I guess what I'm thinking here is some form of subsidiarity for food - it should be produced as locally as makes sense. I suspect a lot of this would be sorted out simply by pricing the externalities into the shipping and production methods. Maybe a properly regulated market is the best way of doing the job?
What is efficiency?
Understanding also that regional policy, (eg CAP), can deal with the coordination of a lot of the differences between local capacities.
How far do you think that by "efficiency", you are in fact thinking of comparative advantage?
Isn't comparative advantage more-or-less about efficiency?
What kind of efficiency is comparative advantage about?
However, an urban market ... whether a market in a city or the market consisting of a small town ... is an essential element in sustainable agrarian development, so the level at which food self-sufficiency becomes a goal to consider adopting is the local region, consisting of an urban core and its rural hinterland.

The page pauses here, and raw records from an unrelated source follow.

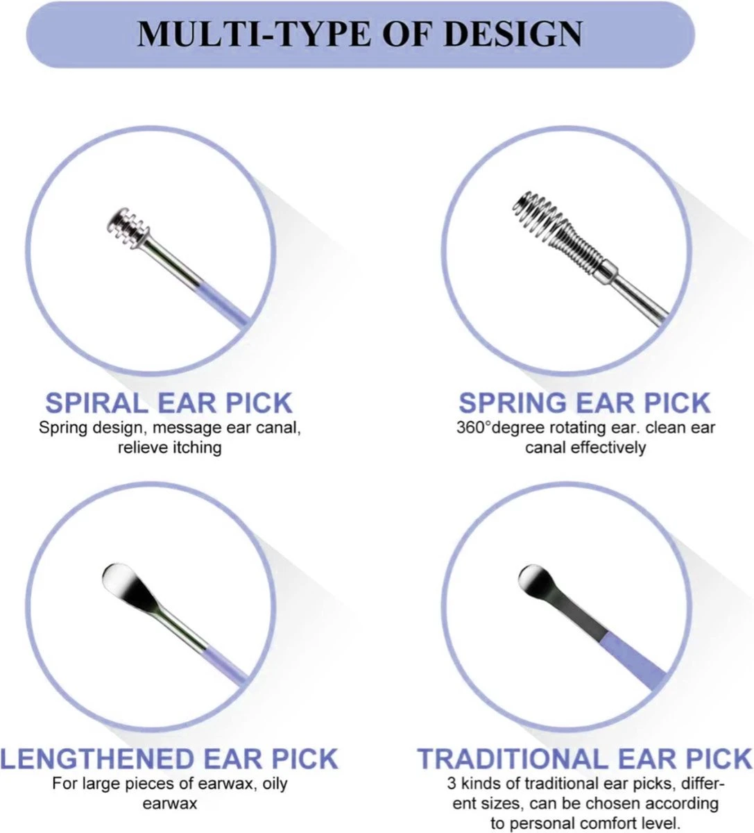 Verschillende maten van de oordopjes kunnen op verschillende gehoorgangen worden aangebracht. Het speciale veerontwerp is zeer effectief voor het verzamelen van zowel olieachtig oorsmeer als droog oorsmeer. 6 curettereinigers van verschillende grootte om zowel zacht als hard oorsmeer efficiënt te reinigen en om uw gehoorgangen een ontspannende massage en goede reiniging te geven.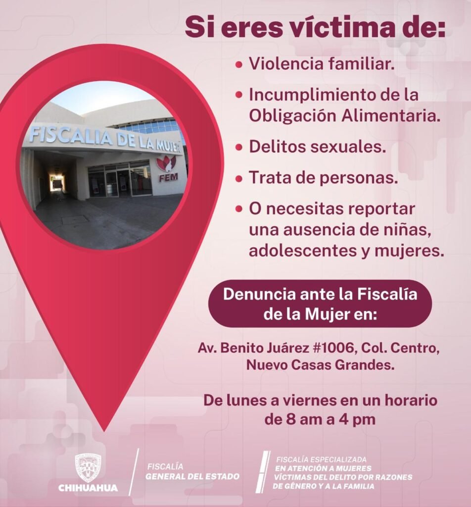 En caso de ser víctima de algún delito de género, acudir a la avenida Benito Juárez 1006, colonia Centro, en el municipio de Nuevo Casas Grandes, en un horario de lunes a viernes de 08:00 a 16:00 horas.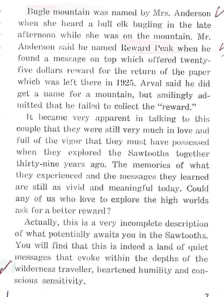 Reward Peak was so named because on the top they found a pile of stones with a paper under it. The paper said “There is a $25 reward for whoever returns this paper to: ” Then there was an address. Grandpa wrote to them, but they never wrote back.
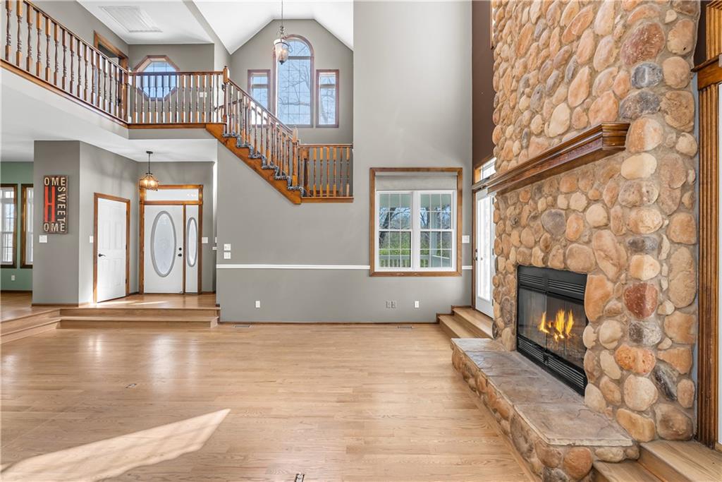 Stunner of a home on nearly 10 acres! Greenwood address with Lone Jack Schools giving you the best of two charming small towns!!! Excellent highway access for easy commutes, yet peacefully tucked away from the hustle and bustle. Close to schools. Enjoy sunrises and sunsets from the massive wrap around porch and sun filled afternoons on the giant deck or relax on the paver patio! Paved driveway leads you to the generously sized outbuilding with concrete floors perfect for storing all the tools, collector cars or utvs, whatever makes you happy; plus a loft for even more storage or workspace. 3 stall horse stable, livestock fencing and that is just the exterior! Inside you will find a custom floor plan with a cool and cozy sunken living room with fireplace. Primary suite with its own exit to the outdoor living space and large primary bathroom. Formal dining, and a breakfast nook. Beautiful kitchen. Soaring ceilings. Two more bedrooms upstairs with a jack and jill bathroom! And a finished walk out basement ready for all the holiday parties and the day to day farm life. One more bedroom in the basement plus rec room, bar and pool table that stays. There is so much more to offer with this rare find of a home! Come see why once it is yours you will never want to leave but when you do, you will love how conveniently situated it is!! Minutes from Lone Jack, Lee’s Summit, Pleasant Hill, Greenwood and easy commute to the military base, UCM, OPKS and even downtown. Fall in love with easy country living and still enjoy modern conveniences!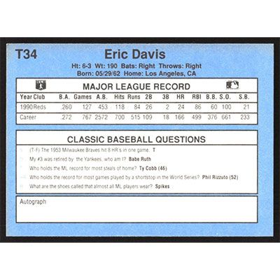 This is a 1991 Classic I Eric Davis baseball card. The card is #T34 and pictures show condition.
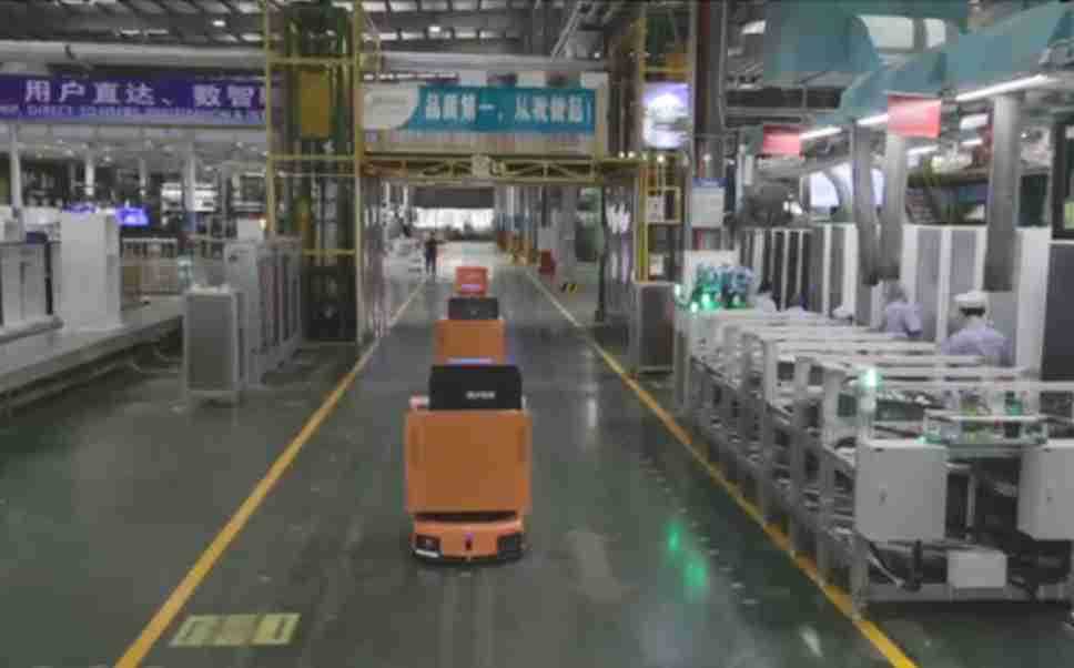 为车载冰箱物流配送打造的智能解决方案,,包含产中物流通过潜伏举升AMR搬运至线边,,,,产后成品物流智能仓储,,,流程包含产中物流智能齐套入库,,,线边安灯叫料AMR智能配送至线边,,,成品入库、、、出库,,,通过无人堆高车机器人,,,,智能仓储管理替代人工作业管理,,实现更高存储、、、、更高效率、、更具柔性化的解决方案。。。。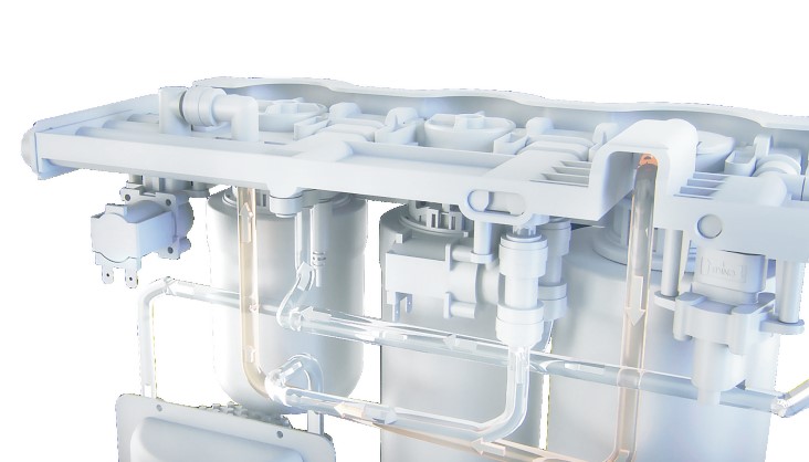 漏水,是净水器最常见也最让人烦恼的问题,独创的集成水路,采用PPO环保材料一体成型,内部无接头,从源头降低了漏水隐患;同时减短了水流长度,有利于水路畅通;耐高压,防爆破,安全可靠!
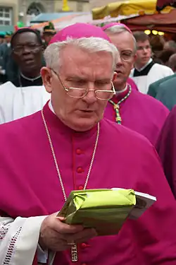 He then joined the Roman Curia as first secretary and then, before the end of 1984, study assistant of the Congregation for the Doctrine of the Faith with the role of personal secretary to the prefect of the congregation, Cardinal Joseph Ratzinger, the future Pope Benedict XVI.[1][2] He was given the rank of Chaplain of His Holiness on 17 March 1989 and that of Honorary Prelate of His Holiness in 1999.[1]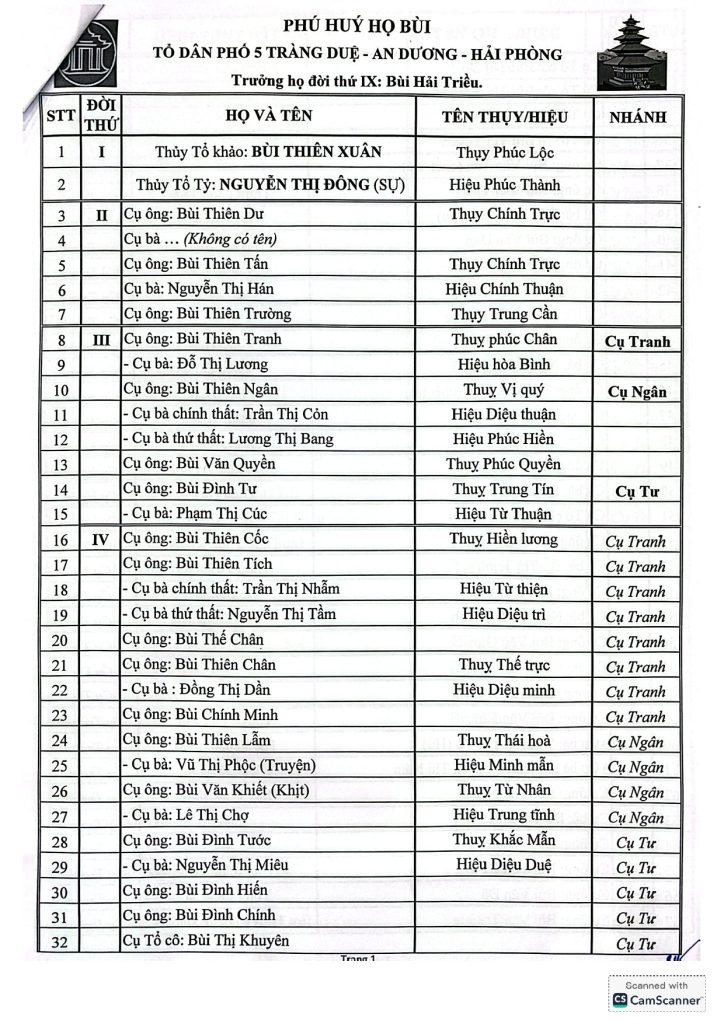 Dòng họ Bùi – xóm 5 Tràng Duệ, Lê Lợi, An Dương, Hải Phòng

Of course, legalists always want boundaries for definitions, and so units of analysis like local regions give them hissy fits, because its hierarchical ... one local region consisting of a small town and surrounding countryside is part of the hinterland consisting of a small city and its surround small towns and countryside, and that is part of the hinterland of a large city and its surrounding small cities and their surrounding small towns and countryside.
And of course in many high income nations we have planted large, difficult to heat and cool single occupancy homes directly across that countryside, so we have to learn how to plant around those kinds of obstacles.
Every large nation must aim for food self-sufficiency. All of its main regions must aim for as much food self-sufficiency as it can achieve, and some of its regions must arrive at a surplus to the extent that some of its regions fall short.
And every local region must aim to be an active center of agriculture development in its rural hinterland ... even if the peasantry in the rural hinterland presently drive SUV's to work in cubicles eighty kilometres away. I've been accused of being a Marxist, yet while Harpo's my favourite, it's Groucho I'm always quoting. Odd, that.